[Start of Attachment]

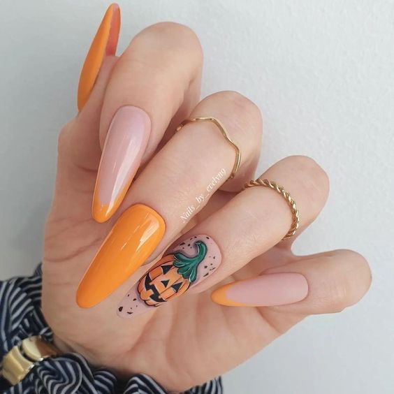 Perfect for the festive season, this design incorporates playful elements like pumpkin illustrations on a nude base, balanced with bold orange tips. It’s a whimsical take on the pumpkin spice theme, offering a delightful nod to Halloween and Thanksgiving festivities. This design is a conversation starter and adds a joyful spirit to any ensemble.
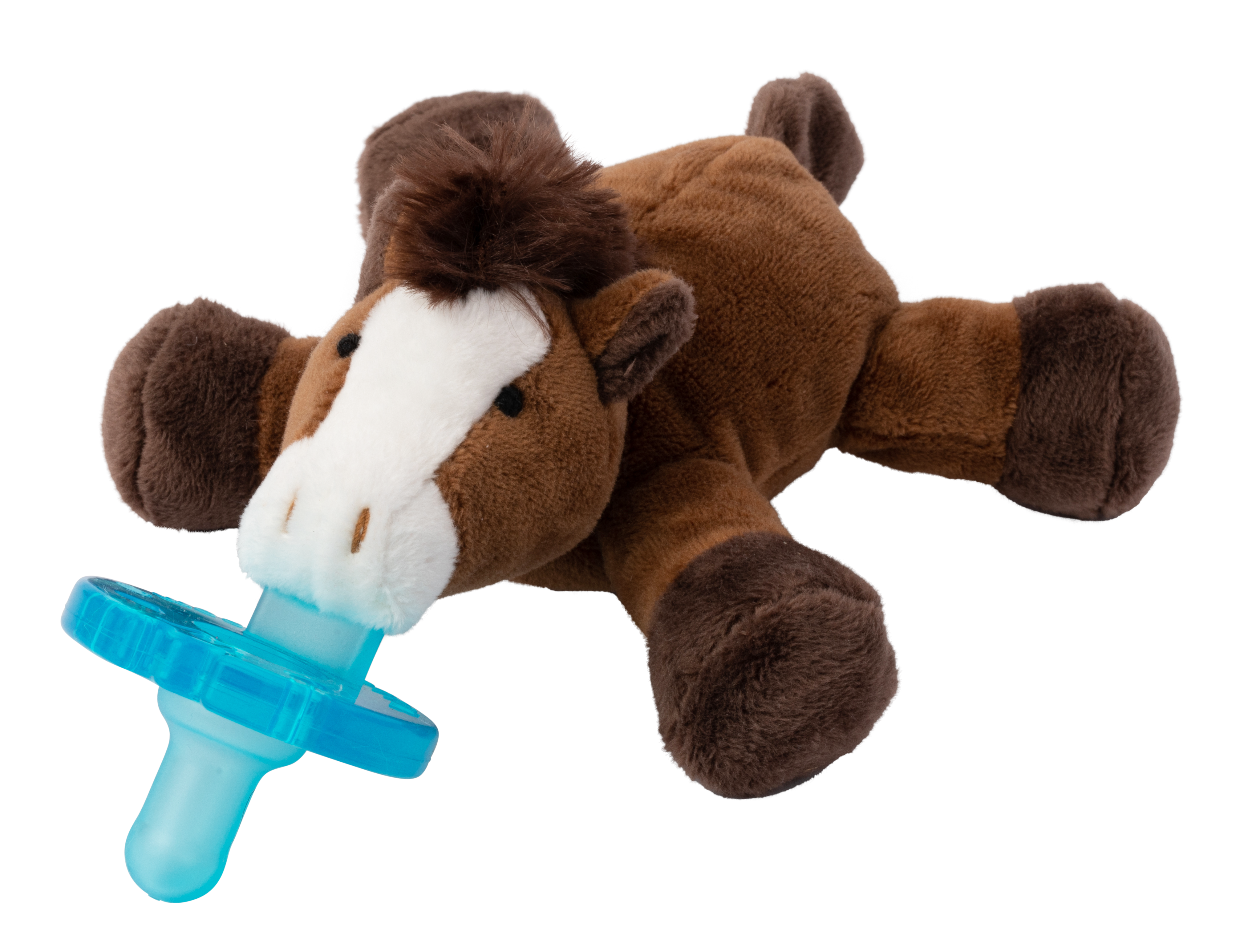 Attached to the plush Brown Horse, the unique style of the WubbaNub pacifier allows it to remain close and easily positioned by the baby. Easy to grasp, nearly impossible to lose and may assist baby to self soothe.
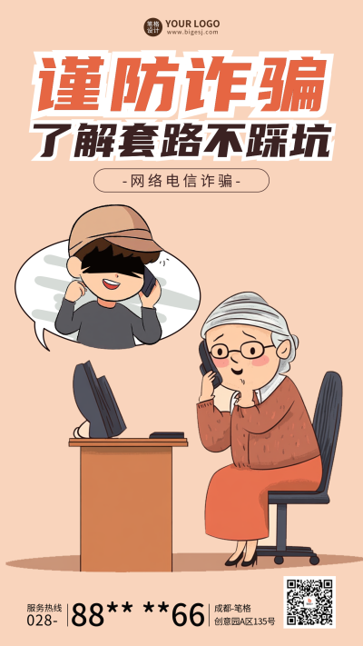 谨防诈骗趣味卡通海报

[End of Attachment]

**DIRECTIONS**: Send back the listing exactly as it stands. Do not include the pictures.

**REPLY TO THE EXERCISE**:
 Perfect for the festive season, this design incorporates playful elements like pumpkin illustrations on a nude base, balanced with bold orange tips. It’s a whimsical take on the pumpkin spice theme, offering a delightful nod to Halloween and Thanksgiving festivities. This design is a conversation starter and adds a joyful spirit to any ensemble.
 Attached to the plush Brown Horse, the unique style of the WubbaNub pacifier allows it to remain close and easily positioned by the baby. Easy to grasp, nearly impossible to lose and may assist baby to self soothe.
 谨防诈骗趣味卡通海报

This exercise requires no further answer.